September 09, 2013
The mountainous region of Jammu and Kashmir is set to have its first disaster management plan in the coming months, thanks to the revised master plan of Srinagar city and close monitoring of the state’s high court on the state government’s disaster management policy and planning.
The revised ‘Master Plan ‘til 2035’ has, for the first time, included a comprehensive disaster mitigation and management plan for Srinagar city and other parts of Kashmir. Currently being examined by a top level committee, the plan will be approved by the Jammu and Kashmir cabinet within the next two months.
Recent disasters in Kashmir
Jammu and Kashmir is a multi-hazard prone region with floods, earthquakes, landslides, avalanches, high velocity winds and snowstorms frequently occurring in the state.
- February 18, 2005: A snowstorm in the villages of Waltengu Nad, Pachgam and Nigeenpora in south Kashmir claimed 154 lives and caused huge property damage.
- October 8, 2005: In one of the deadliest earthquakes on the subcontinent for decades, a 7.6 magnitude earthquake killed 1,350 people and injured 6,266 in India’s Jammu and Kashmir state, while 79,000 people died in Pakistan-administered Kashmir.
- August 5 and 6, 2010: The cold desert of Leh witnessed a devastating cloudburst followed by flash floods.

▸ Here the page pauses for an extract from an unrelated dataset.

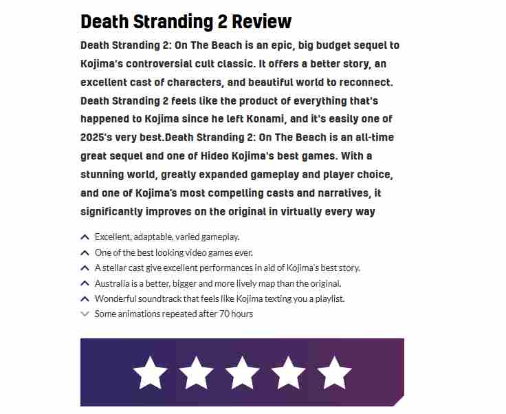 《死亡搁浅2:冥滩之上》是小岛秀夫充满争议的邪典经典游戏的史诗级续作。它带来了更出色的故事、绝佳的角色阵容,以及一个需要重新连接的美丽世界。这款游戏仿佛凝聚了小岛离开科乐美后经历的一切,堪称2025年最优秀的作品之一。《死亡搁浅2:海滩》是堪称有史以来最出色的续作之一,也是小岛秀夫最杰出的游戏之一。凭借惊艳的世界观、大幅扩展的游戏玩法与玩家选择,以及小岛作品中最引人入胜的角色阵容与叙事,本作几乎在各个方面都超越了前作。
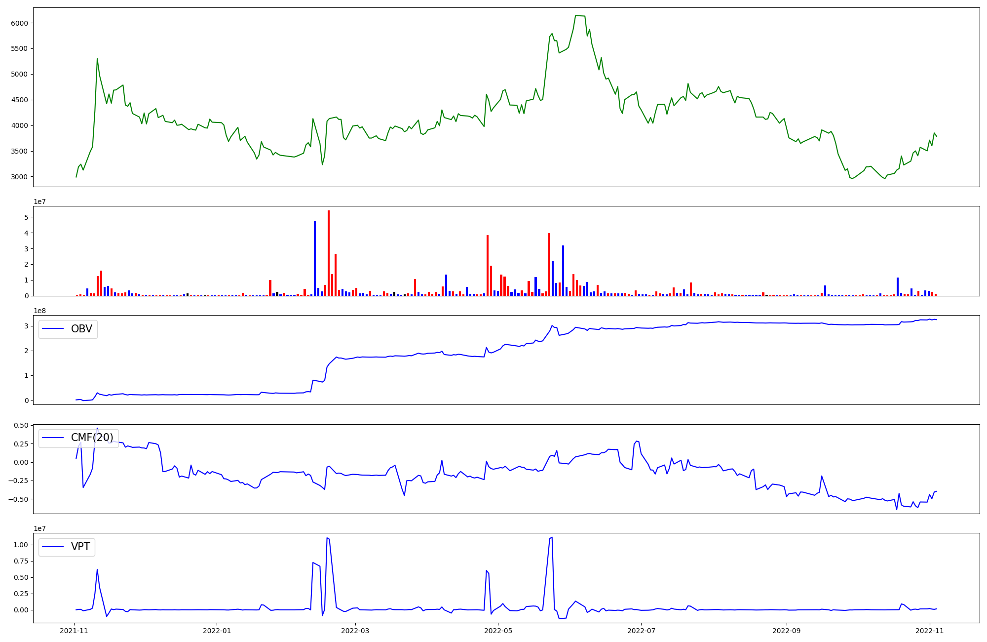 | OBV | CMF | VPT | |

The unprecedented event resulted in the death of more than 170 people and damage worth millions of rupees.
- September 2014: Flooding in Kashmir claimed over 460 lives and caused damage to private property, businesses and government infrastructure worth billions of dollars.
The large-scale destruction caused by floods in September 2014 was widely attributed to decades of haphazard development in Srinagar city and Kashmir’s other towns. The flood, critics say, destroyed developmental and housing infrastructure which had been raised in the erstwhile flood basins in recent decades.
Revised master plan
The revised master plan envisages the rehabilitation and resettlement of thousands of families living within designated flood basins, rather than constructing the 82 kilometre Flood Spill Channel. The channel, which would enhance the carrying capacity of flood channels to 120,000 cubic feet per second, is estimated to cost INR 210 billion crore (USD 3.4 billion).

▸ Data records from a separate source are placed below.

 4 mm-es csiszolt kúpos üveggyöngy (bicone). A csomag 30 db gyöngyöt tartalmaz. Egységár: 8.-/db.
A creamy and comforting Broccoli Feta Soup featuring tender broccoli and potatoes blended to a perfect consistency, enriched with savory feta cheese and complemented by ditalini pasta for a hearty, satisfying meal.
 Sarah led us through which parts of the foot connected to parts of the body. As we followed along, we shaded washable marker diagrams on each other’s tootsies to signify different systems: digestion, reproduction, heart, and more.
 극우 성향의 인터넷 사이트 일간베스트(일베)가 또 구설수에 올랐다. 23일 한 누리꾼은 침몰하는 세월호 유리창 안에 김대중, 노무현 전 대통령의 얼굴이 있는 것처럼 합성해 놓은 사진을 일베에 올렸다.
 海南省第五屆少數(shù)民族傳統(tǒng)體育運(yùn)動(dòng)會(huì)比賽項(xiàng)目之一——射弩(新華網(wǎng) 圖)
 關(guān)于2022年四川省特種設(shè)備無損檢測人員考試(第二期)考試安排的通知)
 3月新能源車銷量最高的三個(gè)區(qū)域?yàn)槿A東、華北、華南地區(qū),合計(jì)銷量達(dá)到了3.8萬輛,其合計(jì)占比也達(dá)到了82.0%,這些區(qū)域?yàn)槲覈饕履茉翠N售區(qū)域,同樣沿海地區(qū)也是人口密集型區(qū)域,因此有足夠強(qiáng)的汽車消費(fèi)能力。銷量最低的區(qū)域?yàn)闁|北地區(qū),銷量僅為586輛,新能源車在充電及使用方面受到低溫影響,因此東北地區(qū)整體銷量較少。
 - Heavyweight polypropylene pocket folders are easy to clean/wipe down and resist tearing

Rehousing people who have already settled in flood absorption basins would cost far less than the proposed channel, Fayaz Ahmad Khan, Kashmir’s chief town planner, told thethirdpole.net. Referring to expert views, Khan added that the channel would also have several social and ecological implications.
The master plan also proposes comprehensive watershed mapping of the Jhelum river’s major tributaries, as well as forest regeneration and slope stabilisation for the retention of rainwater in its upper reaches. The plan proposes the construction of check-dams, reservoirs and diverting canals for mitigating the impacts of floods; the revival of water bodies for increasing their absorption capacity; and reconnecting disconnected water bodies.
The State Disaster Management Authority (SDMA) is considering incorporating all of these proposals into the new state disaster management plan which will be made public in the coming months.
“We are keen about disaster mitigation,” Amir Ali, director of the SDMA, told thethirdpole.net. “This is what we need to do to avoid frequent flooding of Kashmir.”
Over the last two months, the SDMA has been twice directed by the state high court to come up with an effective disaster management policy and plan.
On 12 September, the high court sought a status report from the state government about the measures being taken regarding disaster mitigation and management. The government revealed its revised disaster management policy document on 25 October but is yet to produce its disaster management and mitigation plan which, Ali says, is under preparation.